Tampoco metafísicamente. Las cuestiones primeras y últimas del mundo, la vida y la existencia son interrogadas de otro modo cuando somos observados por la muerte. Nunca como hoy han tenido mayor vigencia los versos pavesianos: «Per tutti la morte ha uno sguardo / Verrà la morte e avrà i tuoi occhi (Para todos, la muerte tiene una mirada / Vendrá la muerte y tendrá tus ojos)».[3] Leo a Pavese y me pregunto: a cada uno que murió de coronavirus solo, en un hospital, ¿qué ojos le deparó la muerte? Y aún más: aquellos que le sobrevivieron sin la posibilidad de despedirlo, ¿qué ojos verán en los ojos de su muerte?… ¿quizás los del ser querido, abandonado por fuerza mayor?

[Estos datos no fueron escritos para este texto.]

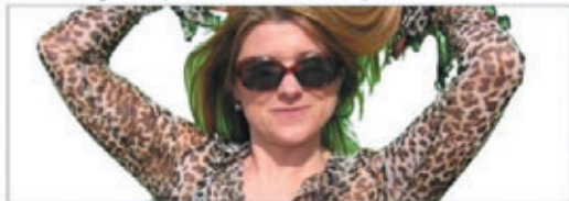
A Leading Competitor's Chroma Keyer

Tampoco seremos los mismos antropológicamente. Todo cambio ontológico y metafísico supone una amenaza a la identidad, un modo diverso de ser lo que éramos y una posibilidad de proyectarnos desde otras coordenadas existenciales. Si cambio, necesariamente mutará mi percepción/interpretación del mundo y, con ella, mi entorno. Esto supondrá un drástico reenfoque de las cuestiones principales del modus habitandi y de la ciudadanía. Un nuevo orden mundial… al que iremos paulatinamente.

El ser humano tendrá que replantearse muchas cosas y muy profundamente. No solo sobre nuestro modo de relacionarnos con el mundo, sino sobre la manera de relacionarnos entre nosotros y, muy principalmente, con el futuro… y la muerte.

¿Cuándo colocaremos al ser humano, realmente, en el centro de todo? ¿No era eso a lo que aspiraba el humanismo renacentista? ¿Tuvimos que esperar a vernos confinados para entender que podíamos ser altruistas y generosos sin que ello implicara necesariamente nuestro menoscabo? ¿Hemos pensado realmente en lo que significa que una partícula microscópica (10 a 100 nanómetros) haya cambiado radicalmente nuestro estilo de vida y que nuestro nivel de tecnología y conocimiento, del que nos sentimos tan orgullosos, nada haya podido para evitarlo? Finalmente… ¿habremos vislumbrado lo que significa vivir aquí, en este planeta que aún nos queda… el único que nos queda?


Notas

[1] Evaristo San Miguel, «Discurso del Excmo. Señor don Evaristo San Miguel», en Discursos leídos en las sesiones públicas para dar posesión de plazas de número, ed. de la Real Academia de la Historia, 193-220 (Madrid, 1858), https://bit.ly/34KfyyL.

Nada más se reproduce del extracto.